Sometimes You Just Want a Hamburger. - The days when I am really sick of myself, I just want a hamburger. This is how I can tell exactly how sick of myself I am- by how badly I want to sit down...
Sunday, January 23, 2011
Memory, "the hardest button to button"
Looking backward. Over time. I feel like an observer of my years. Along for the ride for the calendar of events. Yet I can remember actively making decisions, participating, the will involved.
Memory. Maybe that's Jack White's hardest button to button (a song presently stuck in my head from Friday's commute). It's frequently mine. And it's the hardest button that takes your attention.
My memory is fragments. Sometimes ordered, sometimes scattered. Sometimes like a puzzle. But when I put the puzzle together and it fits and I feel like I have it right...do I?
Our girls amaze us with their memories--the odd details or seemingly random places or moments or experiences. And they are vivid, these memories.
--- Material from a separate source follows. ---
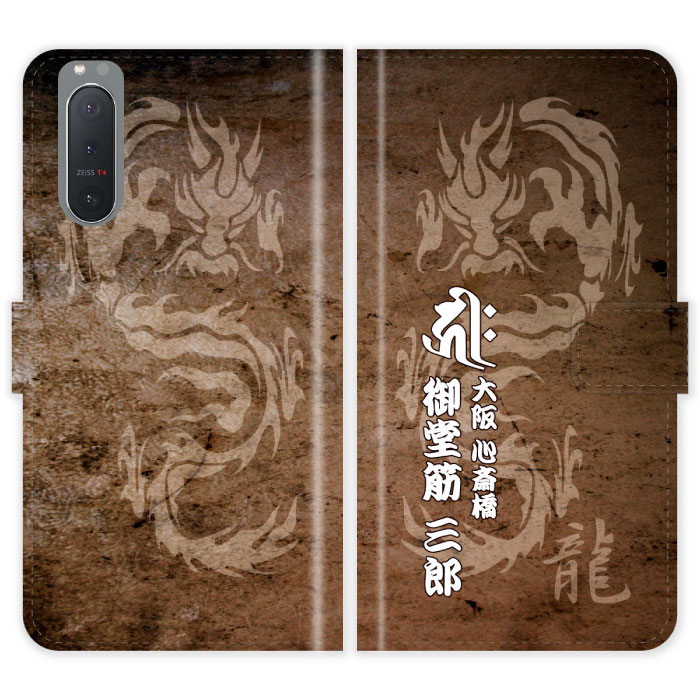 Xperia 5 II SO-52A SOG02 A002SO SO52A Xperia5II 手帳型 和柄 龍 梵字 竜 名入れ 名前入り ケース カバー かっこいい エクスペリア オーダーメイド オリジナル スマートフォンケース 野球 球団 中日 ドラゴンズ

Things we had forgotten, but which come rushing back in waves of awareness when the girls remind us.
"Remember that time..?" for them could cue something from an hour ago, a month, two years ago, equally. And when they were younger, "yesterday" could mean any of those time frames.
John McPhee has a stellar collection of essays in a book called Pieces of the Frame. This concept of pieces, these fragments, moments, they also frame how my mind works for writing.
Trying to string fragments together, hang them on some sort of framework that I can assemble into a meaningful whole.
Sometimes if the fragments fall or fit together, if from a distance or up close they reflect something larger, it feels like freeing your fingers after buttoning the hardest button. To button.